A sequential process (not to be confused with sequential circuit or machine [see
Chapter 15
, Sections II–IV]) is a procedure or a program in a state of execution on its own “virtual” (or abstract) processor; it is a
serial
process. Sequential processes are abstract. Logically speaking each process goes about “doing its own thing,” independent of other processes, except when they need to communicate with one another. A “society” of sequential processes
logically
operates concurrently each on its own virtual processor. Because the processes are abstract, there is no sense of physical time; rather, there is a sense of abstract time so that each process executes at its own abstract speed. So when two processes
P1
and
P2
, working concurrently, need to communicate—for example,
P1
sends a message to
P2
, which must receive it—they must be synchronized at the time communication is made. Such communication would involve
P1
writing its message into a storage area (a “buffer”) and
P2
reading this message. So access to the buffer by
P1
and
P2
must not interfere with each other.
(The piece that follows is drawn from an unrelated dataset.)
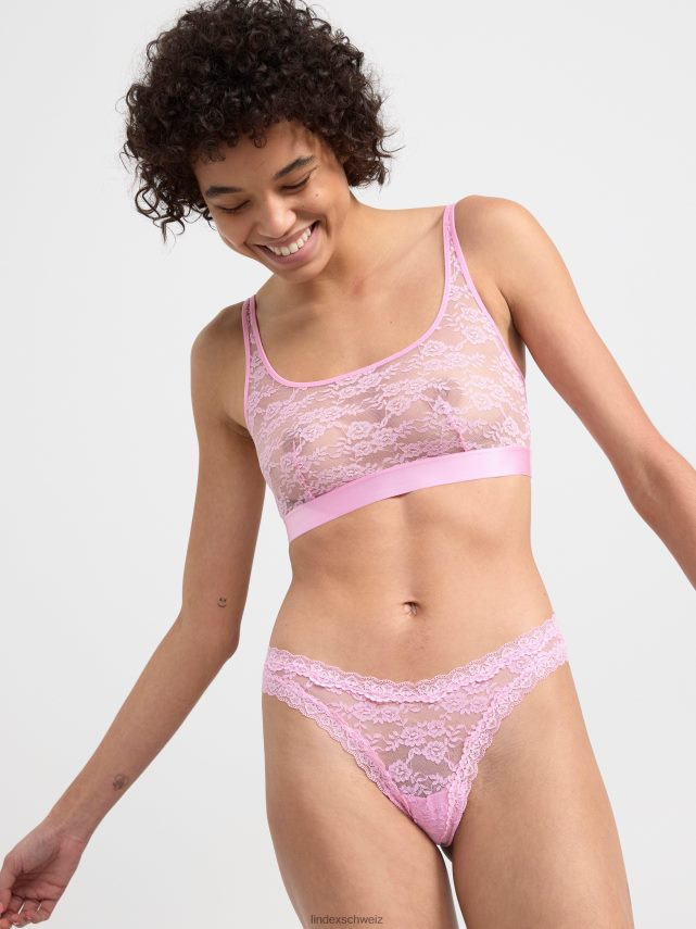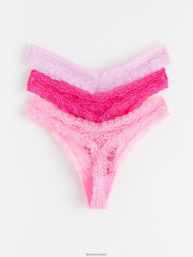 trois strings avec une jambe haute et de la dentelle sur toute la surface, de différentes couleurs.
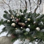 Композиция из живой ели , простоит больше месяца , нужно поливать .

This is the “mutual exclusion problem” involving shared resources that Dijkstra first studied and solved (by inventing a fundamental mechanism he called
semaphors
).
23

The abstractness of sequential processes was important, for the “society” of such processes live and work harmoniously and cooperatively with each other quite independent
of the
physical
processors (material artifacts) that actually run these processes.
24
In fact, the THE system was, in part, a realization of a
theory
of “cooperating sequential processes” Dijkstra had developed in 1965.
25

The organization of the whole computing system into a “society” of abstract, independent but cooperating sequential processes was one aspect of the divide-and-rule strategy used in building the THE multiprogramming system. The processes were also
structured hierarchically
into multiple levels. Each level comprised one or more sequential processes that
created abstractions
out of more basic, more concrete processes or resources. Thus, the lowest level, level 0, abstracted across physical processors. Above this level, the number of processors actually shared among the processes was rendered invisible
26
; processors, so to speak, lost their individual identity.
27
At the next level, level 1, processes abstracted physical memory into segments (in the virtual memory sense [see
Chapter 15
, Section XII]). Above level 2, each process had its own “console” to hold “conversations” with the operator. Virtual consoles were created; the fact that there may have been only one (shared) physical console “disappeared from the picture.”
28
At level 3, sequential processes concerned with buffering input streams and unbuffering output streams were realized. Virtual input/output communication units were created. Finally, at level 4, the user programs resided.
29

Decomposing and organizing the computing system—dividing and ruling—in these two ways produced what Dijkstra would later call “hierarchical ordering of sequential processes”.
30
Structuring a programming system hierarchically in this bottom-up fashion, one level at a time, has great aesthetic appeal; it is an elegant way for managing the complexity of a large system. After the sequential processes at level
i
have been designed, implemented, and proved correct, one need not worry about them; they become reliable components for building sequential processes at level
i
+ 1.

V

But how does one
prove
that an individual program (or a sequential process) is correct? And why is it important to prove correctness as opposed to the usual method in programming of
testing
a program experimentally on a computer?

Dijkstra raised this latter issue in his 1969 paper, “Structured Programming,” presented at the second NATO conference on software engineering. Proving program correctness was preferable to program testing because the latter had an inherent limitation; although empirical testing of a program can reveal the presence of errors, it could never prove their absence.
31
This assertion became a much-quoted aphorism, a mantra, in later times. The logic of the statement was impeccable. We do not know whether Dijkstra had read the writings of philosopher of science Sir Karl Popper (1902–1994),
32
but there was complete resonance between Dijkstra's aphorism and Popper's assertion that no amount of empirical evidence can ever prove the truth of a scientific theory, but just one piece
of counterevidence is sufficient to falsify the theory. Thus, “falsifiability” of a scientific theory—demonstrating an error in the theory—is analogous to demonstrating the presence of a bug in a program; demonstrating the
absence
of error in a scientific theory is the analog to demonstrating the absence of a bug in a program. Neither can be shown by empirical (“inductive”) means—experiment or observation.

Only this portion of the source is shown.